Fadden did Canadians a service by pointing out that too many Canadian politicians are effectively on other countries’ dole.

For this, he got lambasted. Professor Wesley Wark of the University of Toronto’s Munk Centre for International Studies pronounced with academic grandeur that Fadden’s feet should be held to the fire and that he should offer to resign. Reg Whitaker, Distinguished Research Professor Emeritus of political science at York University, said he found Fadden’s observation “extraordinary and astonishing, because there was no gain for him to say it.”

Busting into the boys’ fight club

In Thailand, the martial art of muay thai is almost exclusively a boys’ club; women aren’t allowed inside a traditional muay thai ring, and if a female dons a mong kon, the headdress worn by Thai fighters, it is said to lose its magic, wrote the Toronto Star July 3. That hasn’t stopped Jenypher Lanthier.

Thailand-trained Kru Jen (kru means teacher) opened York Muay Thai at Keele Street and Steeles Avenue this winter, becoming the first woman to own her own muay thai school in Ontario. It’s the culmination of a 14-year journey that started when the Ottawa teen found a flyer on her car’s windshield.

She was invited to teach at York University. With 50 students in a little basement studio, the program there trumped all others. “I taught at eight to nine different schools in the city, and I have never encountered a group like this,” says Lanthier. The dedicated group learned quickly and was respectful of muay thai traditions.

Osgoode grad to head Britain’s Royal Mail

Moya Greene (LLB ’78) admits she hadn’t a clue about the mail delivery business when she took over as head of Canada Post in 2005, wrote the Ottawa Citizen July 3.

A childhood in Newfoundland, law school in Toronto and decades in increasingly senior posts in the private and public sectors weren’t preparation enough to run a Crown corporation with 71,000 employees, 6,500 post offices and $281 million in net income in 2009 on $7.3 billion in revenue.

But she did bring a confidence that was instilled in her childhood, and a willingness to learn all she could.

Later this month, Greene, who just turned 56, will carry that confidence and curiosity – plus the energy and hard-headed decisiveness for which she’s well known – into her most challenging job yet.

“I never had the sense they were maybe exaggerating until I went to (York’s Osgoode Hall) Law School. That’s where I found out there were a whole lot of people who can do a lot of things I would never have dreamed of even trying.”

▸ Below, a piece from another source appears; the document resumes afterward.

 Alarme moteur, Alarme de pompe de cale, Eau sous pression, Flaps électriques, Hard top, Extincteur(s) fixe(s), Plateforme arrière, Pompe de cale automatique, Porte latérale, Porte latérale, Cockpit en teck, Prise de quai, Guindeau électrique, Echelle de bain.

Calgarian breaking medical taboos in India

Jayashree Thatte Bhat (MSc ’75) realized she was fully Canadian when several men in a remote Indian village became hostile when she was attempting to teach the women about breast self-exam, using inflatable life-size dolls, wrote the Calgary Herald July 4.

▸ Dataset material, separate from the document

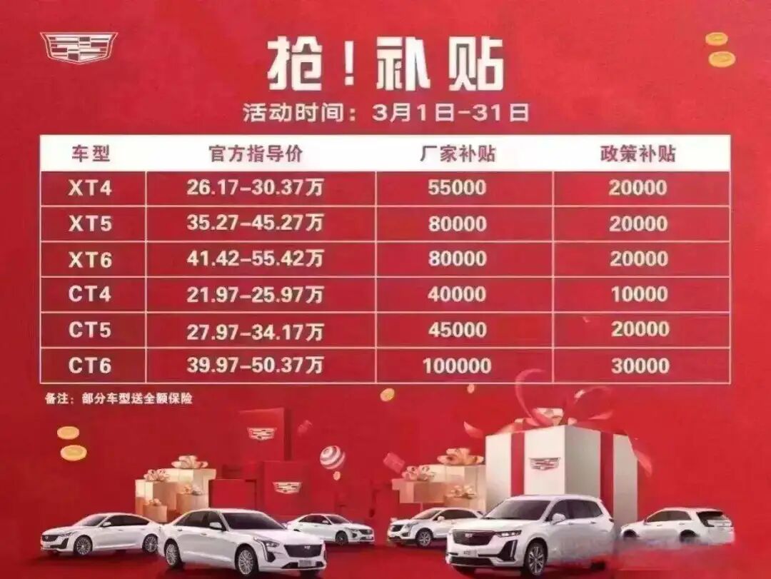 凯迪拉克同样是补贴重点,旗下全系车型都有相关补贴,最高达13万元,CT4车型,裸车价仅为16.97万。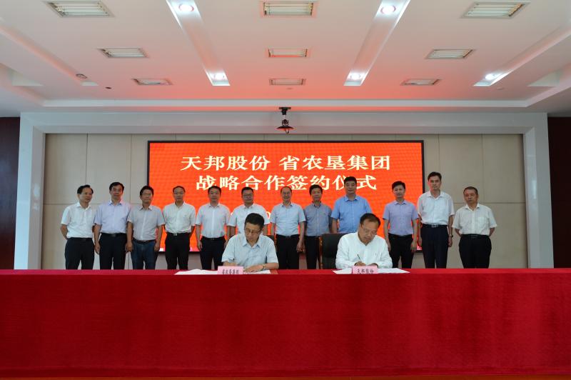 为充分发挥国有企业和农业产业化企业在稳定生猪生产、保障市场供给中的示范带头作用,积极打造生猪养殖全产业链,加快建设长三角绿色农产品生产加工供应基地,7月1日上午,开云手机在线登录入口集团与天邦食品股份公司战略合作框架协议签订仪式在合肥举行。省农垦集团党委书记、董事长詹先豪,天邦股份董事长张邦辉出席签约仪式。农垦集团党委副书记王良贵主持签约仪式。

“I briefly thought about dialing 911,” says Bhat of her immediate reaction, one that stems from having lived in Calgary for 41 years. But she quickly realized help was hours away via bullock cart. Although the diminutive, sari-clad grandmother wanted to stand her ground, the medical personnel she was with feared for their safety. “We deflated our beautiful dolls and basically ran,” she says.

“The men thought we were doing something immoral or bad, teaching their women and girls about breast cancer.”

Born in Hyderabad, Bhat moved to Canada in 1969, married an engineer and did her master’s degree in biochemistry at York University’s Faculty of Science & Engineering.

Durie and Argos drop debut

Mississauga running back/slotback Andre Durie got a few touches yesterday but couldn’t power the Toronto Argonauts past the Calgary Stampeders, as the team lost its opening game of the 2010 Canadian Football League (CFL) season 30-16, wrote The Mississauga News July 2.

Durie, a former York student in his fourth season of professional football with the CFL, had one carry for 12 yards. He also had three receptions for 58 yards, the longest being a 27-yard catch from quarterback Cleo Lemon early in the game.

On air

  • Paul Delaney, professor of physics & astronomy in York’s Faculty of Science & Engineering, spoke about troubles with an unmanned Russian supply capsule and its attempts to dock with the International Space Station, on CTV News July 2.